UNITED STATES DISTRICT COURT FOR THE EASTERN DISTRICT OF PENNSYLVANIA


April 25, 1967

MANUFACTURERS MUTUAL FIRE INS. CO.
v.
G. R. KINNEY CO. Pennsylvania, Inc. and Philadelphia Electric Company

Luongo, Judge.

The opinion of the court was delivered by: LUONGO

LUONGO, Judge:

On Monday, February 19, 1962, the contents of a store occupied by M. Buten and Sons, Inc. (Buten) were damaged by water used to put out a fire in an adjoining store premises occupied by G. R. Kinney Co. Pennsylvania, Inc. (Kinney). Manufacturers Mutual Fire Insurance Company, Buten's fire insurer, paid Buten for the water damage loss and, as subrogee of Buten's rights, instituted suit against Kinney and against Philadelphia Electric Company, charging that they negligently caused the fire. The case came on for trial before the court and a jury. At the conclusion of plaintiff's evidence, both defendants moved under Rule 50(b) for a directed verdict. The defendants' motions were granted. Contending that the court erred in granting the motions, plaintiff now seeks a new trial. The motion for new trial will be denied.

 Viewed in the light most favorable to the plaintiff, the evidence established that the fire which resulted in the water damage to Buten's property originated in the basement of premises occupied by defendant Kinney. The Kinney premises were heated by an oil burner located in the basement. The oil burner was in operation at the time the fire was discovered. Approximately six feet or so distant from the oil burner was located some trash which had been accumulated over a period of several business days awaiting the regular weekly collection.
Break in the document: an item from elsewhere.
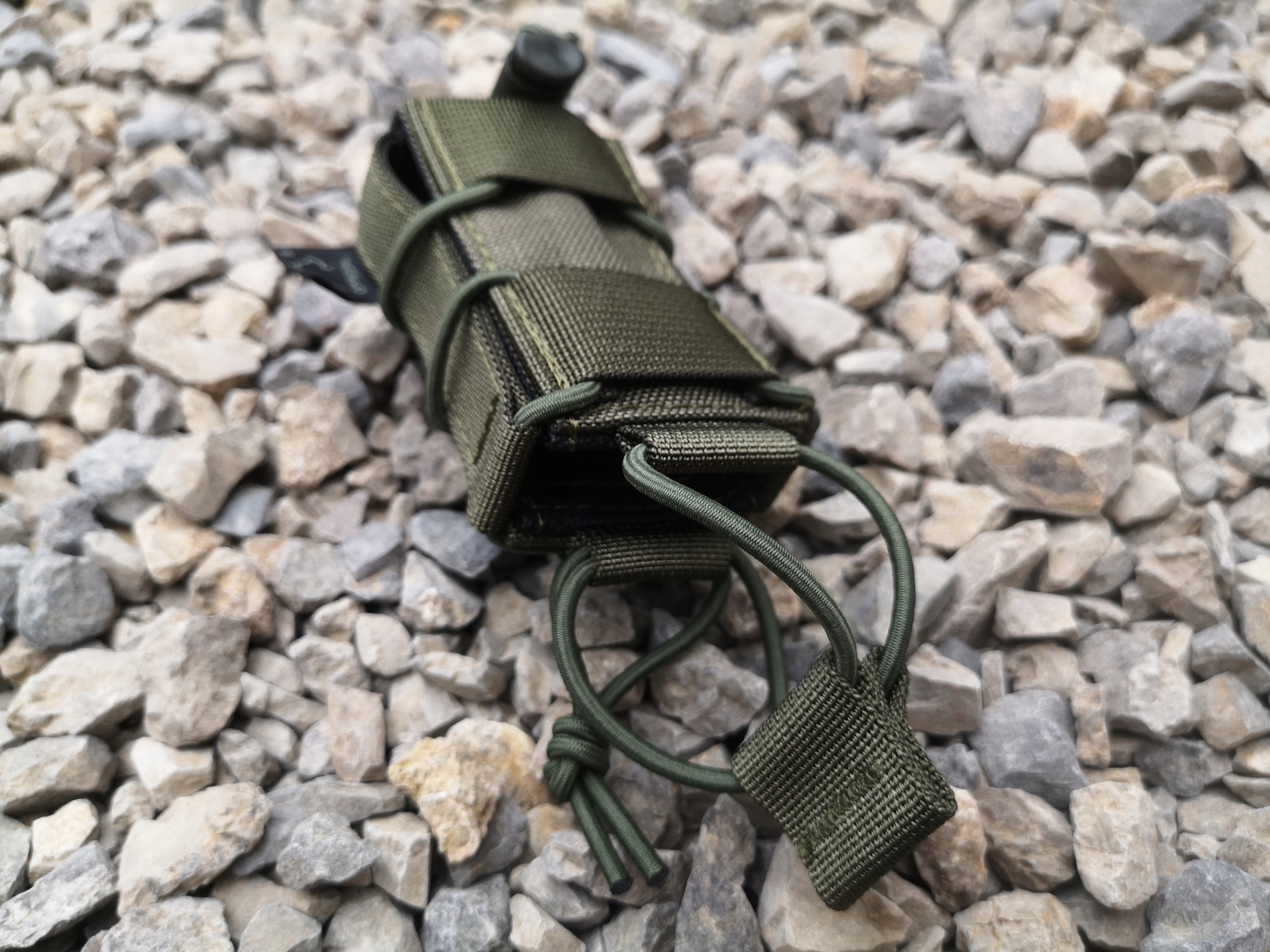Підсумок гонтового типу, відкритий, призначений для швидкого виймання магазину. Всередині є гумовий матеріал, який добре утримує вміст. Крім того, силу затиску можна регулювати за допомогою ударного шнура навколо сумки. Усе це робить підсумок надзвичайно універсальним.

 The accumulation of trash in such proximity to the oil burner was probably an unsafe and a negligent condition, and the court so commented at the time of trial, but there was no evidence to establish a causal relationship between that negligent condition and the fire. Plaintiff's evidence disclosed that the oil burner was located at the rear of the basement which was approximately 85 feet long; that when Kinney's manager went into the basement to investigate, he saw no sign of fire at or near the trash or the furnace; that the smoke and the red glow which he saw were at the right front portion of the basement, in an area approximately beneath the display window of the store premises. There was no evidence at all on which a jury could conclude that the accumulation of trash had anything to do with causing the fire. See Stewart v. DeNoon, 220 Pa. 154, 69 A. 587 (1908).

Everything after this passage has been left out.